How to complete this task: The line with "開(kāi)放街區(qū),24小時(s" marks where to begin; print it and all lines after it in the material below exactly, skipping pictures.

Dataset section:
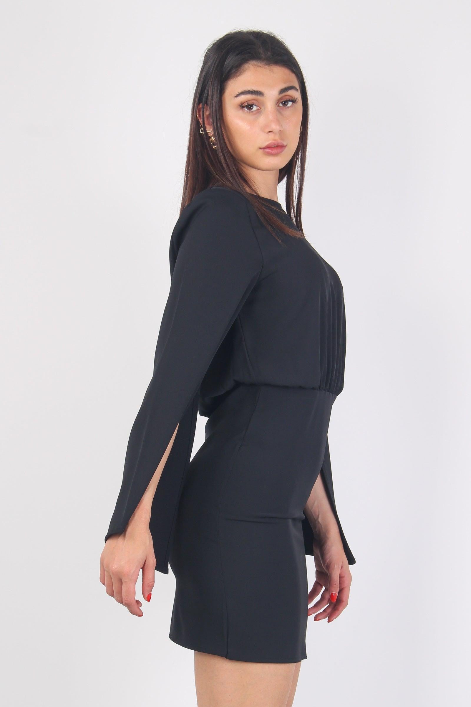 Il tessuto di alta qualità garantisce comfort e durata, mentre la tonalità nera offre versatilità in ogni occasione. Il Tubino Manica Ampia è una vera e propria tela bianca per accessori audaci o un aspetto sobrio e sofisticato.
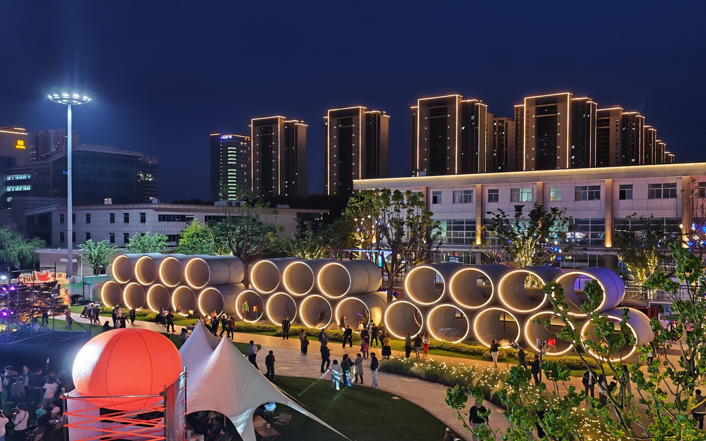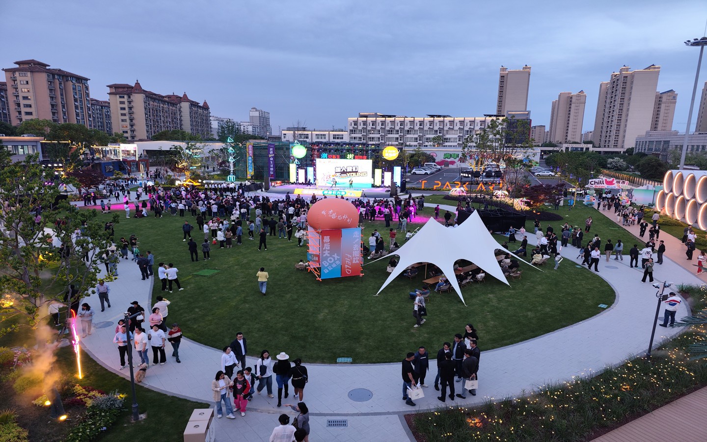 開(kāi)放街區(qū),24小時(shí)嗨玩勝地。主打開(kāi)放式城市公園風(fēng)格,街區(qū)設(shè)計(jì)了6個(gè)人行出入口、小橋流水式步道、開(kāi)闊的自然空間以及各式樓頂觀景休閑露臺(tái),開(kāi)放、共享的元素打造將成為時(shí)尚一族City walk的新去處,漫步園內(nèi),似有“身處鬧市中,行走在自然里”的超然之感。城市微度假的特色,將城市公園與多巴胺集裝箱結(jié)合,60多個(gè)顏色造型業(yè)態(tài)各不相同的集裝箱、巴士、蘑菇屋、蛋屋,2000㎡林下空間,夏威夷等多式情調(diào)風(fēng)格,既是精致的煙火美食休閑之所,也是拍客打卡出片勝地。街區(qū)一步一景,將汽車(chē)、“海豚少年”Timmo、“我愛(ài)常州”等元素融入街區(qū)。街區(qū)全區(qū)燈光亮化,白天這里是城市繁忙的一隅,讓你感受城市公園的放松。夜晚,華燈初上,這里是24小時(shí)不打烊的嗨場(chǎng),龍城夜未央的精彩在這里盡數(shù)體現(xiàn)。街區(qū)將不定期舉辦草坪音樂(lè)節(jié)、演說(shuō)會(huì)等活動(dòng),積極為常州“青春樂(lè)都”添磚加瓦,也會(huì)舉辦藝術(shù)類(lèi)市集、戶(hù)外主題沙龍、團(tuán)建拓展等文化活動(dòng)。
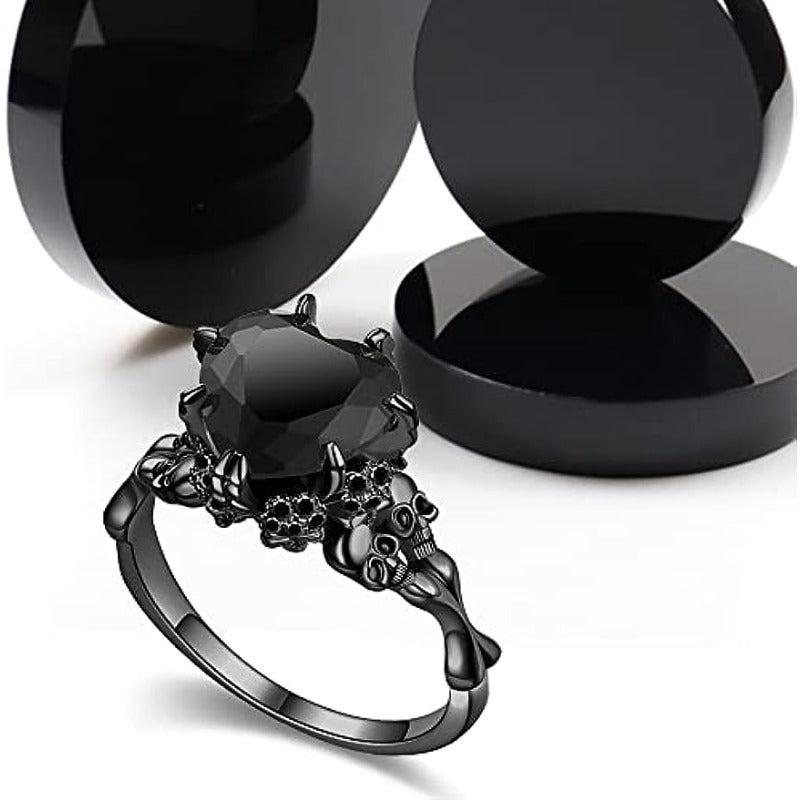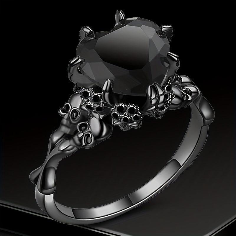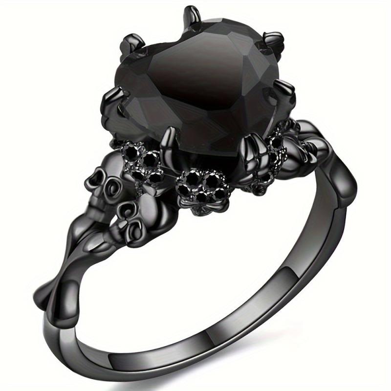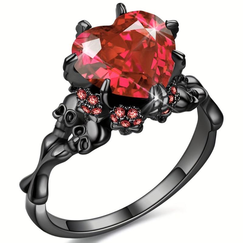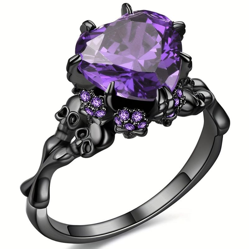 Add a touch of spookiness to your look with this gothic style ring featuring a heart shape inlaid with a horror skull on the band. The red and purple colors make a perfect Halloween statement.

Exercise output:
 開(kāi)放街區(qū),24小時(shí)嗨玩勝地。主打開(kāi)放式城市公園風(fēng)格,街區(qū)設(shè)計(jì)了6個(gè)人行出入口、小橋流水式步道、開(kāi)闊的自然空間以及各式樓頂觀景休閑露臺(tái),開(kāi)放、共享的元素打造將成為時(shí)尚一族City walk的新去處,漫步園內(nèi),似有“身處鬧市中,行走在自然里”的超然之感。城市微度假的特色,將城市公園與多巴胺集裝箱結(jié)合,60多個(gè)顏色造型業(yè)態(tài)各不相同的集裝箱、巴士、蘑菇屋、蛋屋,2000㎡林下空間,夏威夷等多式情調(diào)風(fēng)格,既是精致的煙火美食休閑之所,也是拍客打卡出片勝地。街區(qū)一步一景,將汽車(chē)、“海豚少年”Timmo、“我愛(ài)常州”等元素融入街區(qū)。街區(qū)全區(qū)燈光亮化,白天這里是城市繁忙的一隅,讓你感受城市公園的放松。夜晚,華燈初上,這里是24小時(shí)不打烊的嗨場(chǎng),龍城夜未央的精彩在這里盡數(shù)體現(xiàn)。街區(qū)將不定期舉辦草坪音樂(lè)節(jié)、演說(shuō)會(huì)等活動(dòng),積極為常州“青春樂(lè)都”添磚加瓦,也會(huì)舉辦藝術(shù)類(lèi)市集、戶(hù)外主題沙龍、團(tuán)建拓展等文化活動(dòng)。
 Add a touch of spookiness to your look with this gothic style ring featuring a heart shape inlaid with a horror skull on the band. The red and purple colors make a perfect Halloween statement.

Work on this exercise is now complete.